Records drawn from a dataset:
>>>>>

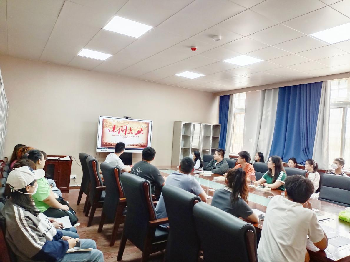 影片在铿锵有力的建国宣告中结束,振奋人心的场景感染了在场观影的每一位党员。王鹏林同学深有感触的说道,《建国大业》让我感受到了新中国成立这一伟大历史时刻的庄严与激动。推进中国式现代化,必须毫不动摇坚持党的全面领导,作为青年党员,我们需要时刻保持警醒,为实现中华民族伟大复兴的中国梦而努力奋斗。李梦钦同学表示,新中国的诞生是无数革命先烈用他们的生命换来的,我们理应继承和弘扬革命先烈的精神,立志做有理想、敢担当、能吃苦、肯奋斗的新时代好青年,让青春在全面建设社会主义现代化国家的火热实践中绽放绚丽之花。张可同学表示,回望新中国成立七十余年,党率领人民群众先后取得了革命、建设和改革的伟大胜利,开创和发展了中国特色社会主义。眼下,作为新时代新青年,我们应不忘来时路,努力创造中国历史,使中国之盛世如前人之所愿。李柯霖同学深有感触的说道,看完《建国大业》,让我明白了只有在中国共产党的领导下,中华民族才能实现伟大复兴。因此,我们要坚持党的领导,增强“四个意识”、坚定“四个自信”、做到“两个维护”、拥护“两个确立”,牢记“国之大者”。
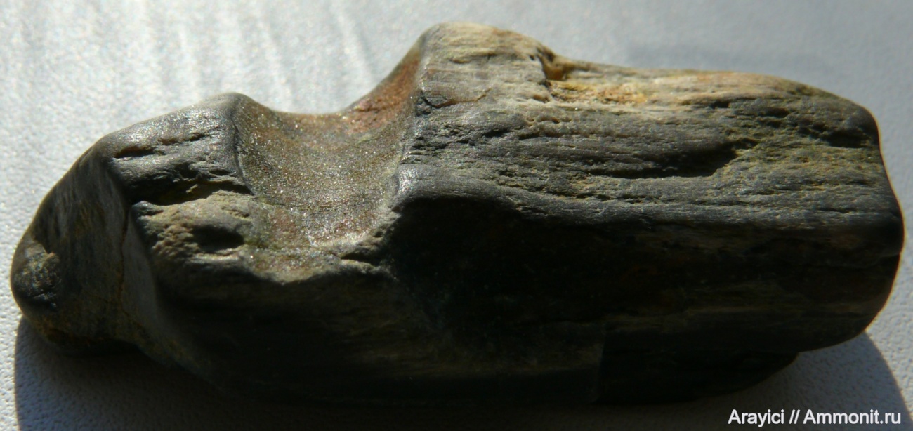 Щепка выглядит довольно монументально :) И кажется тяжелой. А выемка конечно может быть и остатком чьего-то хода, а может что-то постороннее там лежало (камень, большая ракуха и.т.д.) и мешало расти дереву. Иногда видим деревья, которые обрастают (поглощают) небольшие камни, оказавшиеся в стволе (вдавленные в него). Вот и получается дерево с камнем, который потом выпадет, а ямка останется. Но это как предположение.:) Кстати вот из недавно выставленных на сайте Окаменелая древесина с двустворками . Там конечно меньше выемки от вылетевших двустворок, но, как вариант, может у Вас что-то другое было. | ||||||
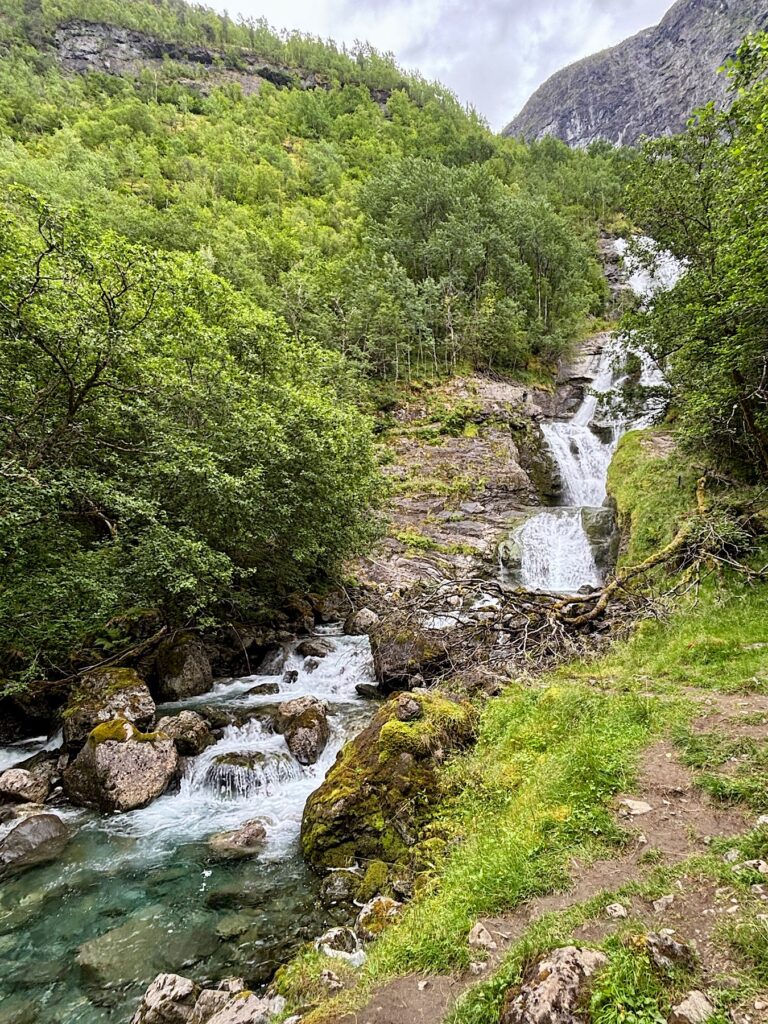 Lors du briefing, le gars nous a dit qu’on pouvait aller jusqu’à la cascade d’Odnes. On y va tranquillement, en faisant quelques pauses pour observer l’église du mini village de Bakka, des moutons et d’autres cascades qui se jettent dans le fjord.
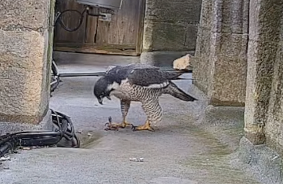 The benefit of multiple cameras around the church tower walkway. This YouTube video (click image for the link) shows the male bringing in prey, which is taken by the female to the west walkway where she regurgitates items, before moving around to thesouth, then east walkway, from where she flies.
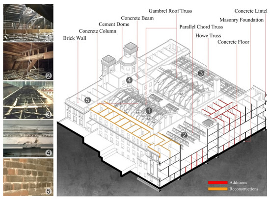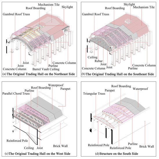 In terms of structure, a mixed structure system was adopted for the building, with brick walls and columns as the vertical structure, reinforced concrete beams and floors as the horizontal structure, and Western wood trusses as the roof structure (Figure 10). Such structure is a common structural system in modern Chinese public buildings and shows the advantages of the compressive strength of bricks and the flexural strength of reinforced concrete and wood. According to the “Safety Appraisal Report of the Qingdao Exchange Building”, the main structure is basically safe and stable, with partial damage to the reinforced concrete beam, floor, and other parts, including concrete cracks and spalling, steel-bar corrosion, local decay, and node rusts of the wooden trusses [41].
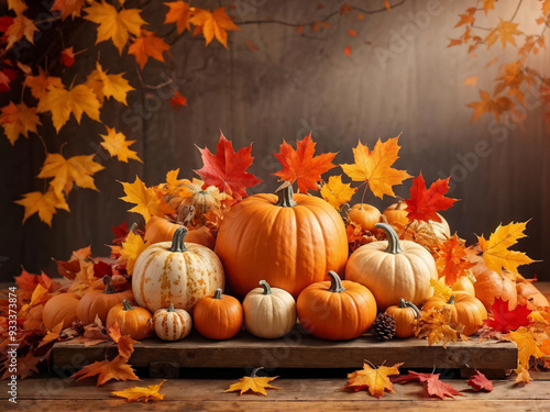 Festive Autumn Table Decor with Leaves and Pumpkins
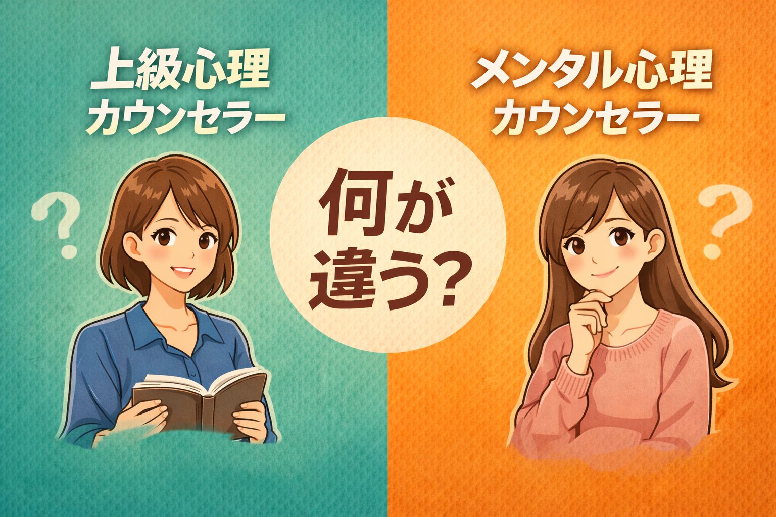 上級心理カウンセラーとメンタル心理カウンセラーの違いは、「深さ」と「専門性」です。
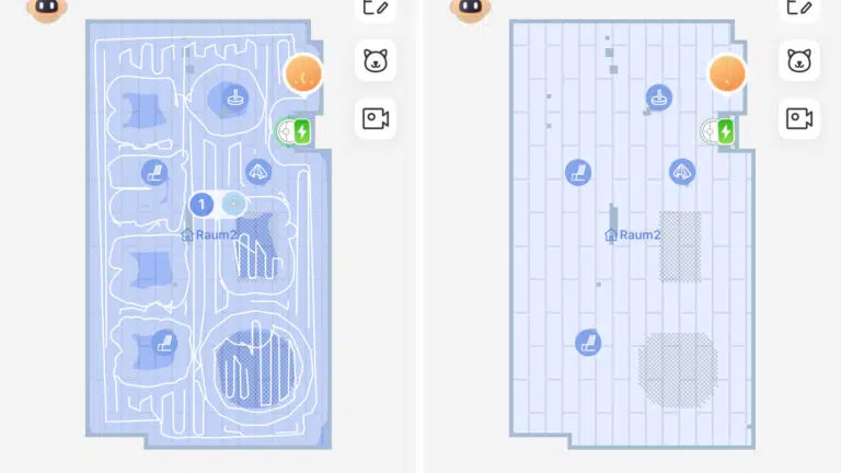 | Räume & Zonen | Der Saugroboter kann entweder alles, einzelne Räume oder Zonen saugen. |
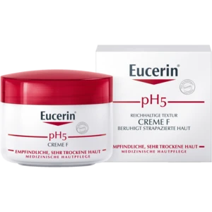 Die Eucerin pH5 Creme F profitiert von dem Eucerin pH Balance System mit dem pH5 Citratpuffer. Denn es stellt den natürlichen pH-Wert der Haut wieder her. Gleichzeitig hilft 3% Dexpanthenol die Regeneration der Haut zu stimulieren und deren Widerstandskraft zu bewahren. Eucerin pH5 Creme F enthält einen dezenten Duft und versorgt die Haut wirksam mit Feuchtigkeit. Geeignet für Kinder (ab drei Jahren) und Erwachsene.
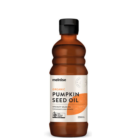 Melrose Organic Pumpkin Seed Oil has a low smoking point and is best used in salads and as a finishing oil.
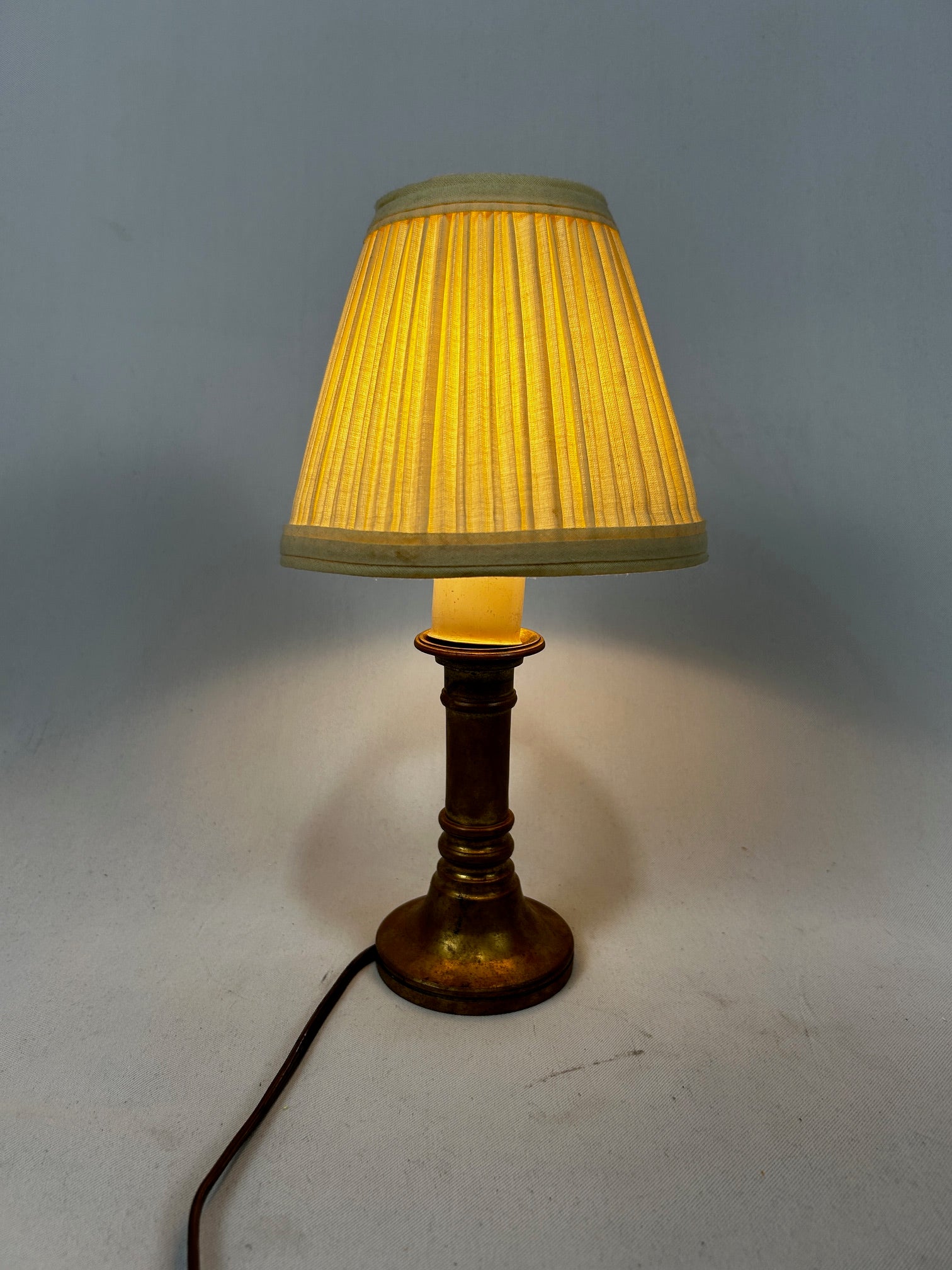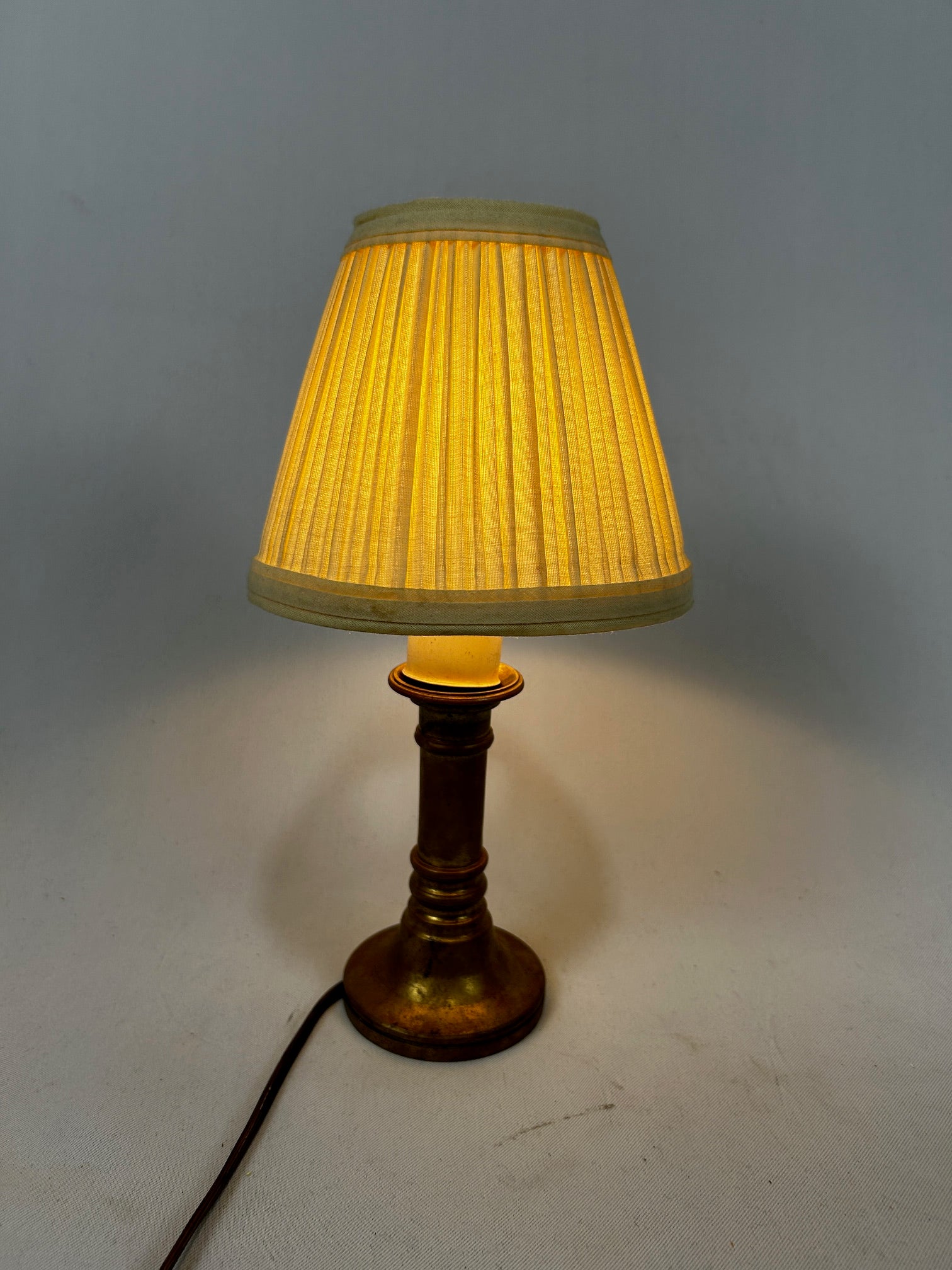 Small Table lamp Brass with medium socket with Brass sleeve over white candle sleeve

<<<<<

▶ Task: An exact copy of the lines from the one with "Die Eucerin pH5" through the end of the records: produce that and nothing more, leaving out the pictures.

▶ Solution to this exercise:
 Die Eucerin pH5 Creme F profitiert von dem Eucerin pH Balance System mit dem pH5 Citratpuffer. Denn es stellt den natürlichen pH-Wert der Haut wieder her. Gleichzeitig hilft 3% Dexpanthenol die Regeneration der Haut zu stimulieren und deren Widerstandskraft zu bewahren. Eucerin pH5 Creme F enthält einen dezenten Duft und versorgt die Haut wirksam mit Feuchtigkeit. Geeignet für Kinder (ab drei Jahren) und Erwachsene.
 Melrose Organic Pumpkin Seed Oil has a low smoking point and is best used in salads and as a finishing oil.
 Small Table lamp Brass with medium socket with Brass sleeve over white candle sleeve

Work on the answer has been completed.